**Task:**
Leave the images out and write out each entry exactly as shown.

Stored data

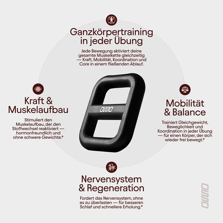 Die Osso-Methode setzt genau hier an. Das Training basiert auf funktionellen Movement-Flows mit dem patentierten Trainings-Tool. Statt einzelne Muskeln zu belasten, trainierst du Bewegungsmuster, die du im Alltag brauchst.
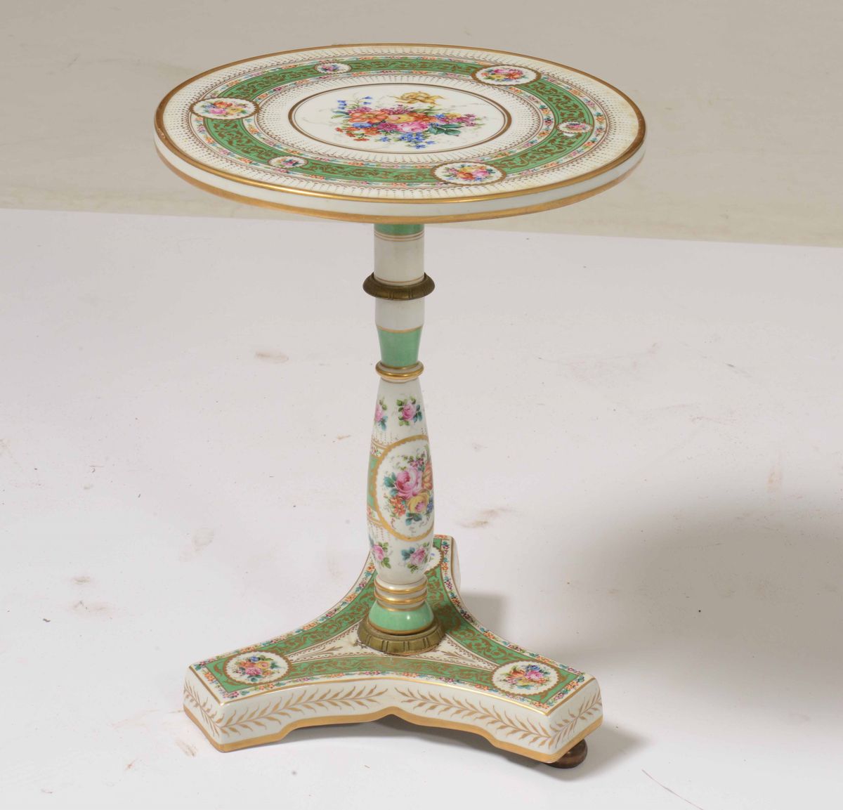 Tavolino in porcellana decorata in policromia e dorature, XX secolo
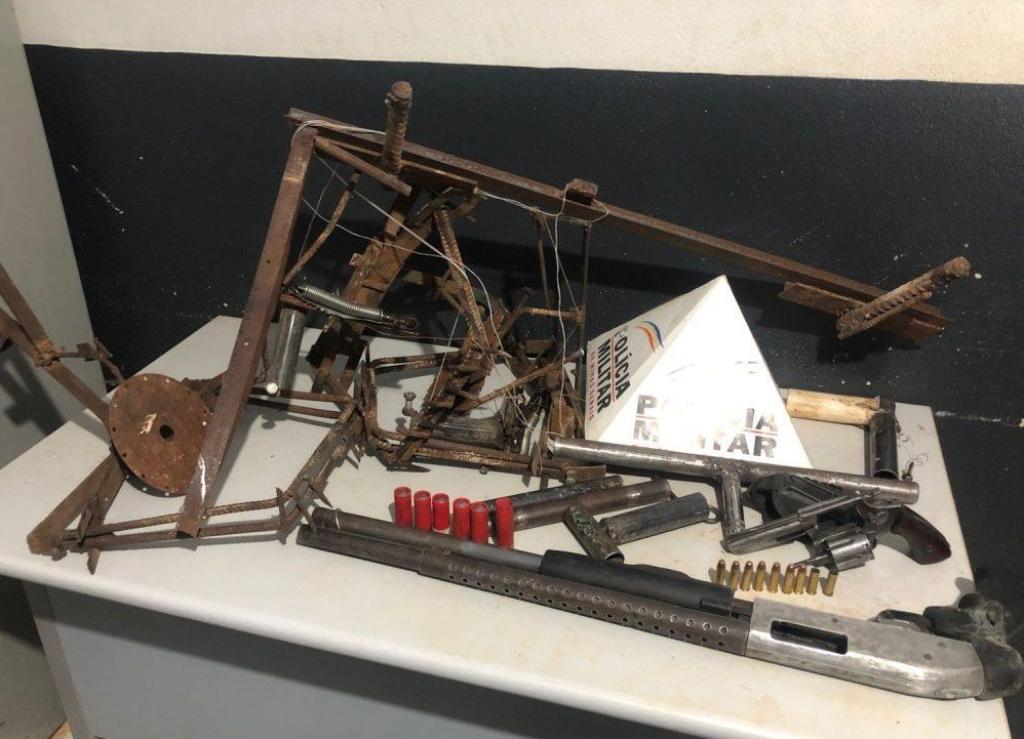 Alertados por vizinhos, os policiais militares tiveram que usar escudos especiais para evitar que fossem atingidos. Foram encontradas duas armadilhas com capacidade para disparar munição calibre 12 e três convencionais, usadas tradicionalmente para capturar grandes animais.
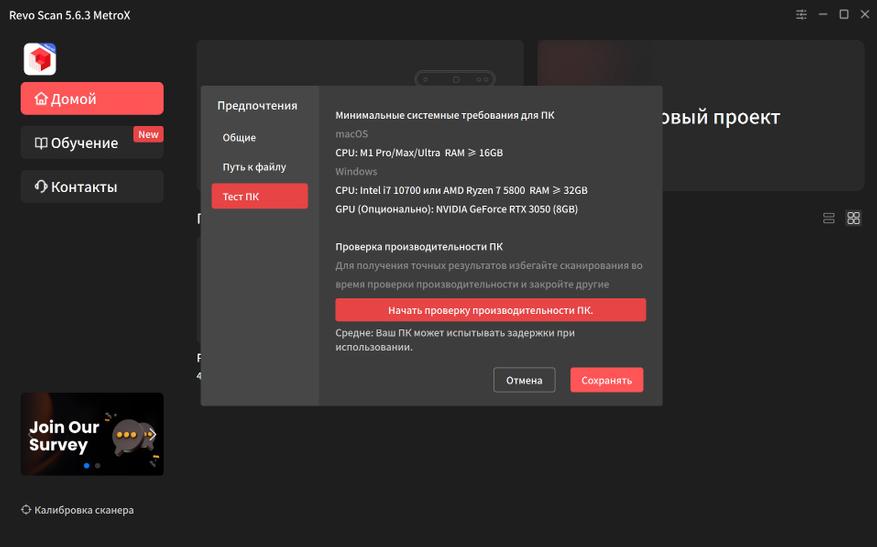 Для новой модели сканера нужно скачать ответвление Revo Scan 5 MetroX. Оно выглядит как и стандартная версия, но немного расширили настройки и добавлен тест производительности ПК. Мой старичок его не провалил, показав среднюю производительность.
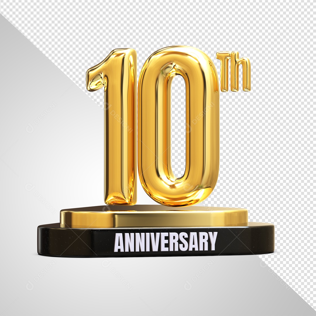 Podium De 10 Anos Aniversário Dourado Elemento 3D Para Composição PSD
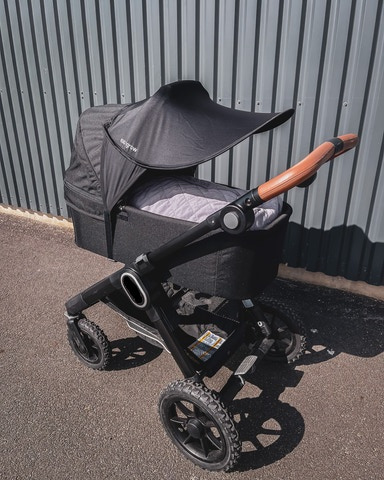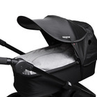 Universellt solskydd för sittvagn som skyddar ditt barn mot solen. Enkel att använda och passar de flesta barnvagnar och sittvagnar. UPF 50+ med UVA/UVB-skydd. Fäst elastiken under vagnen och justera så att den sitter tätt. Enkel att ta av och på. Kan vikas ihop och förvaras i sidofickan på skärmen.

**Answer space:**
 Die Osso-Methode setzt genau hier an. Das Training basiert auf funktionellen Movement-Flows mit dem patentierten Trainings-Tool. Statt einzelne Muskeln zu belasten, trainierst du Bewegungsmuster, die du im Alltag brauchst.
 Tavolino in porcellana decorata in policromia e dorature, XX secolo
 Alertados por vizinhos, os policiais militares tiveram que usar escudos especiais para evitar que fossem atingidos. Foram encontradas duas armadilhas com capacidade para disparar munição calibre 12 e três convencionais, usadas tradicionalmente para capturar grandes animais.
 Для новой модели сканера нужно скачать ответвление Revo Scan 5 MetroX. Оно выглядит как и стандартная версия, но немного расширили настройки и добавлен тест производительности ПК. Мой старичок его не провалил, показав среднюю производительность.
 Podium De 10 Anos Aniversário Dourado Elemento 3D Para Composição PSD
 Universellt solskydd för sittvagn som skyddar ditt barn mot solen. Enkel att använda och passar de flesta barnvagnar och sittvagnar. UPF 50+ med UVA/UVB-skydd. Fäst elastiken under vagnen och justera så att den sitter tätt. Enkel att ta av och på. Kan vikas ihop och förvaras i sidofickan på skärmen.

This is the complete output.